**PROBLEM DETAILS**
Of the entries below, return exactly those lines that fall between the one containing "Встраиваемая микроволновая печь" and the one containing "地图右边的模块可以切换当前区", the two end lines included.

**LISTED ENTRIES**

----------------------------------------

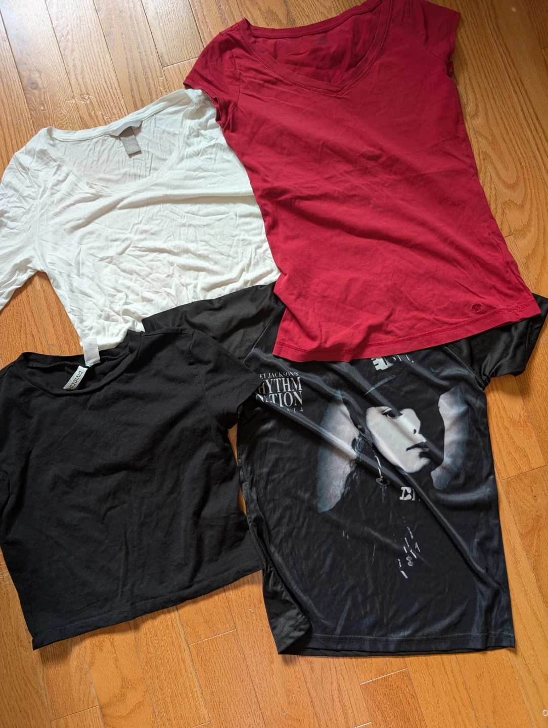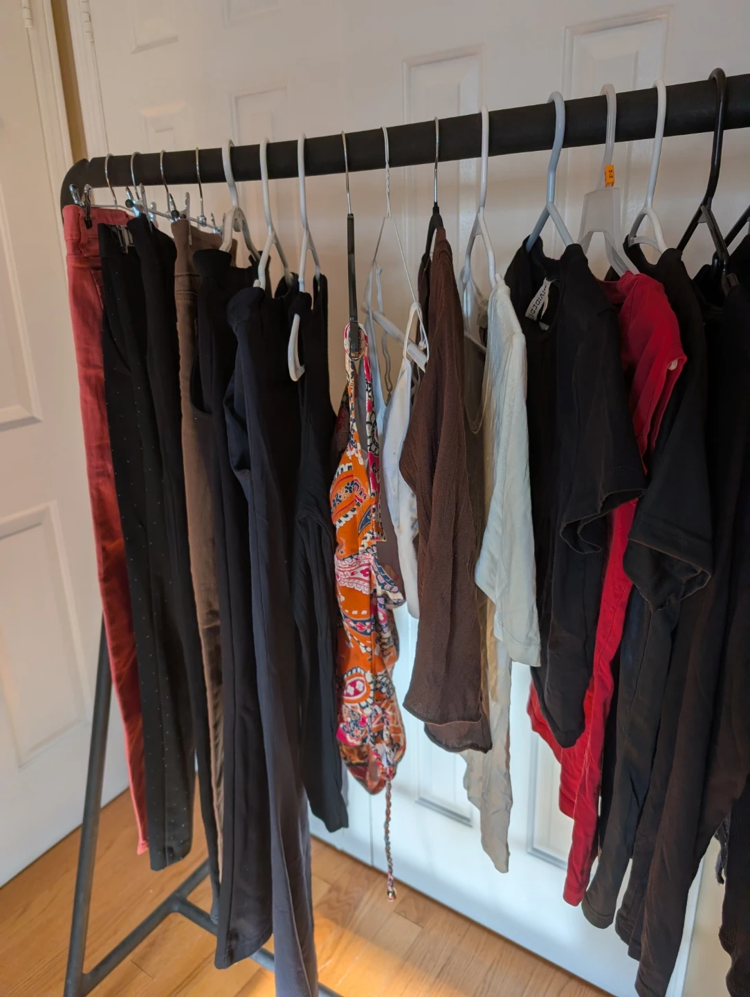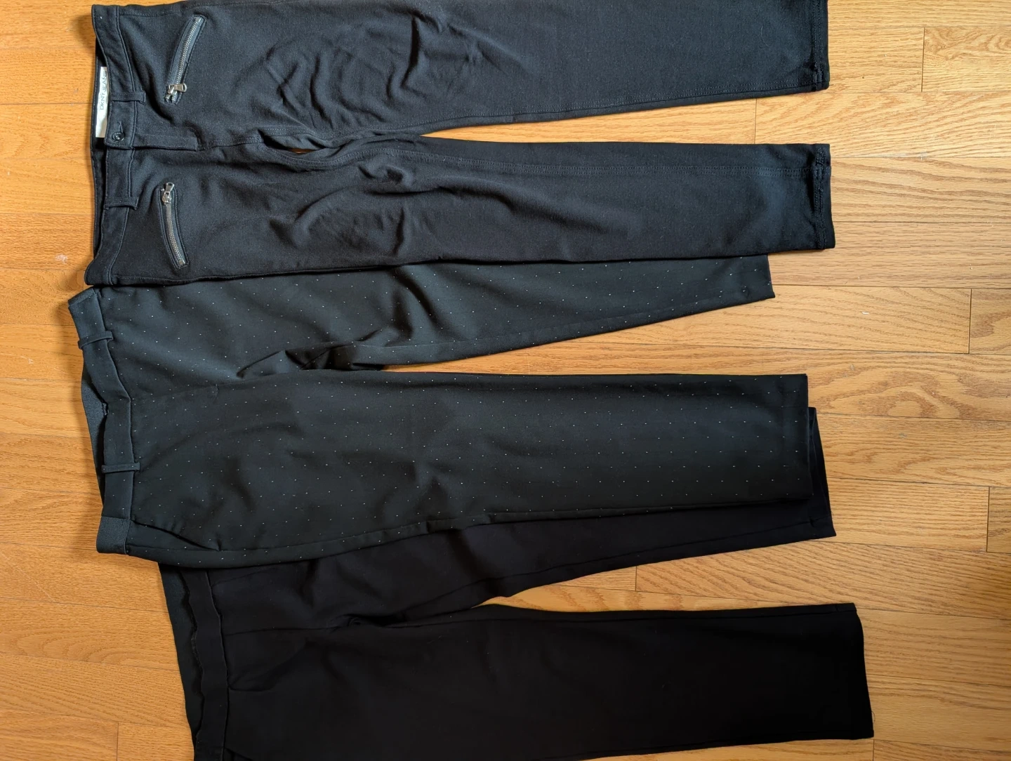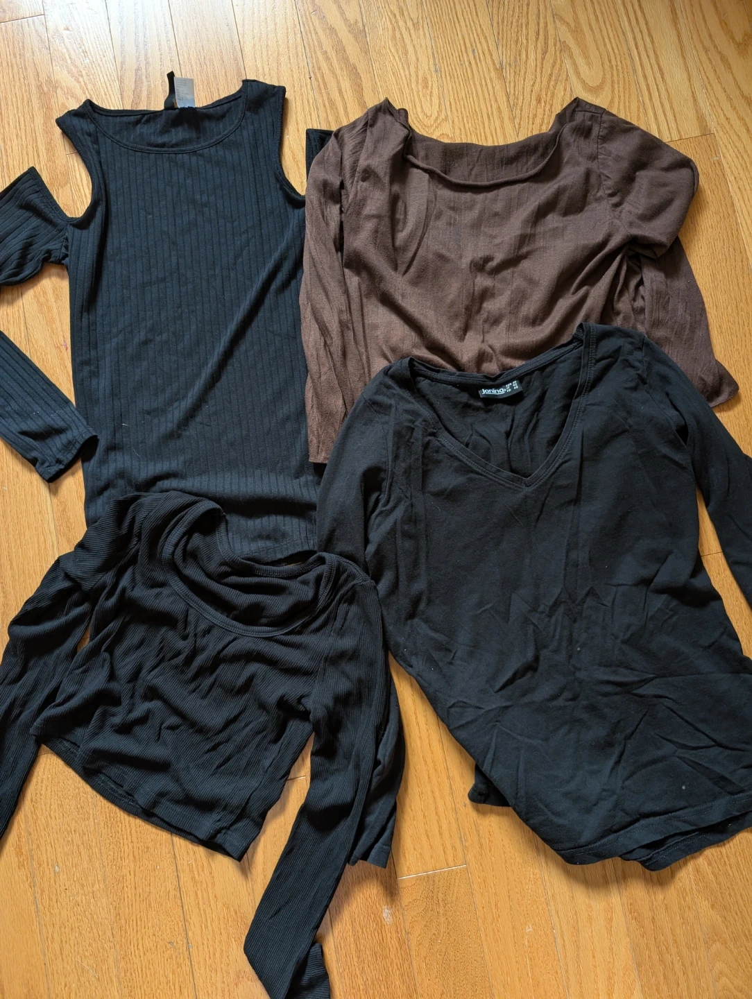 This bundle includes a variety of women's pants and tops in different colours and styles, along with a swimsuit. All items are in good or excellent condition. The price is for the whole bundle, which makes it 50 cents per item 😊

----------------------------------------

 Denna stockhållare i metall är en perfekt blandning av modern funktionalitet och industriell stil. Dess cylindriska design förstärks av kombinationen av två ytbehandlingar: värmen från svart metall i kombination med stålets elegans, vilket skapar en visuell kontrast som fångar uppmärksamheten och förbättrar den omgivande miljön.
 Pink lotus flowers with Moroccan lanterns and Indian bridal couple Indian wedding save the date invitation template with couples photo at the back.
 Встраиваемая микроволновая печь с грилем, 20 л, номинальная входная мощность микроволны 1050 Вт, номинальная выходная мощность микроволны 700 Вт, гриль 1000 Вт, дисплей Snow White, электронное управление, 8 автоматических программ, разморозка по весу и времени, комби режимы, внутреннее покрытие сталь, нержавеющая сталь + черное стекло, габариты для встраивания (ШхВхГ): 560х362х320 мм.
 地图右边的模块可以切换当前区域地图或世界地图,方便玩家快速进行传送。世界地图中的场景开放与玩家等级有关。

----------------------------------------

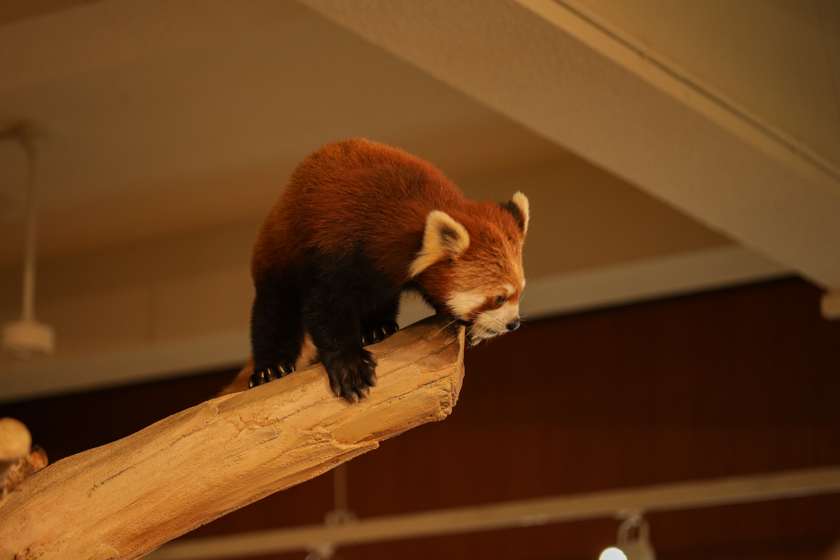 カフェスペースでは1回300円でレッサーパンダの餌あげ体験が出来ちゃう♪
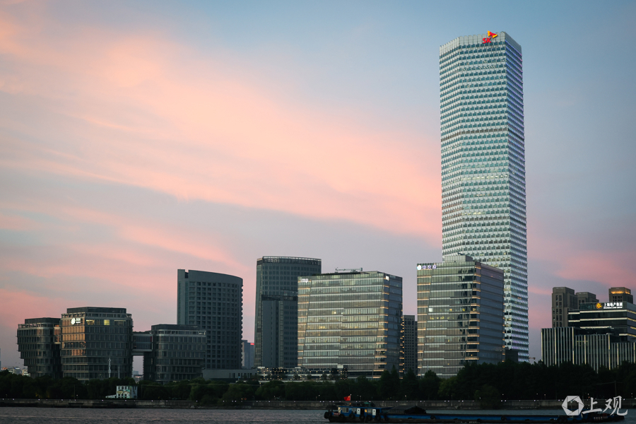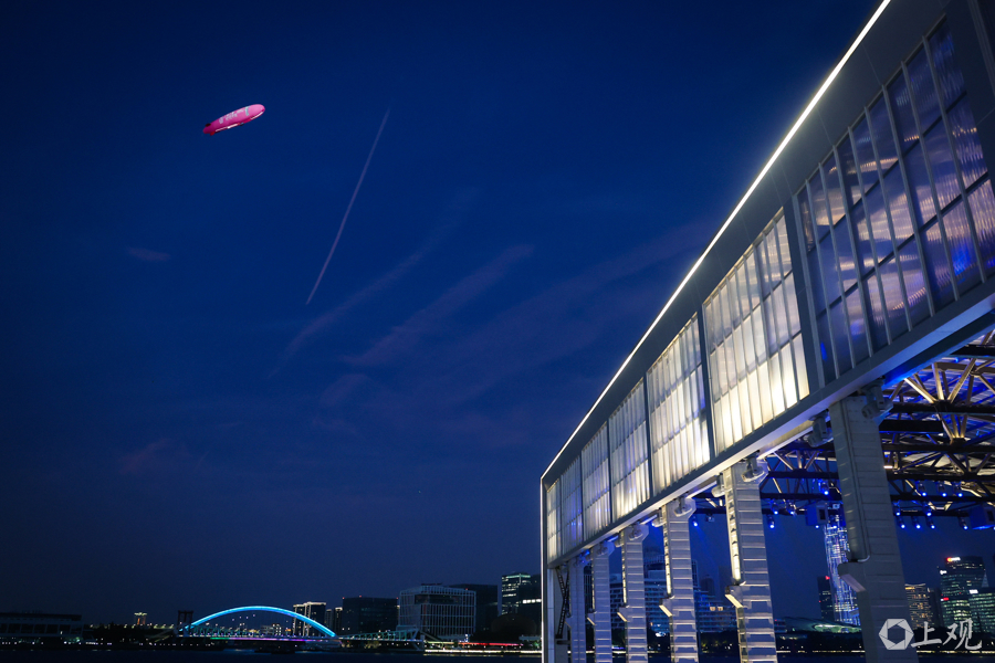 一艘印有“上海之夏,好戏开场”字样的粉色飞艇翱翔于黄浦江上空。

----------------------------------------

**SOLUTION TO THE EXERCISE**
 Встраиваемая микроволновая печь с грилем, 20 л, номинальная входная мощность микроволны 1050 Вт, номинальная выходная мощность микроволны 700 Вт, гриль 1000 Вт, дисплей Snow White, электронное управление, 8 автоматических программ, разморозка по весу и времени, комби режимы, внутреннее покрытие сталь, нержавеющая сталь + черное стекло, габариты для встраивания (ШхВхГ): 560х362х320 мм.
 地图右边的模块可以切换当前区域地图或世界地图,方便玩家快速进行传送。世界地图中的场景开放与玩家等级有关。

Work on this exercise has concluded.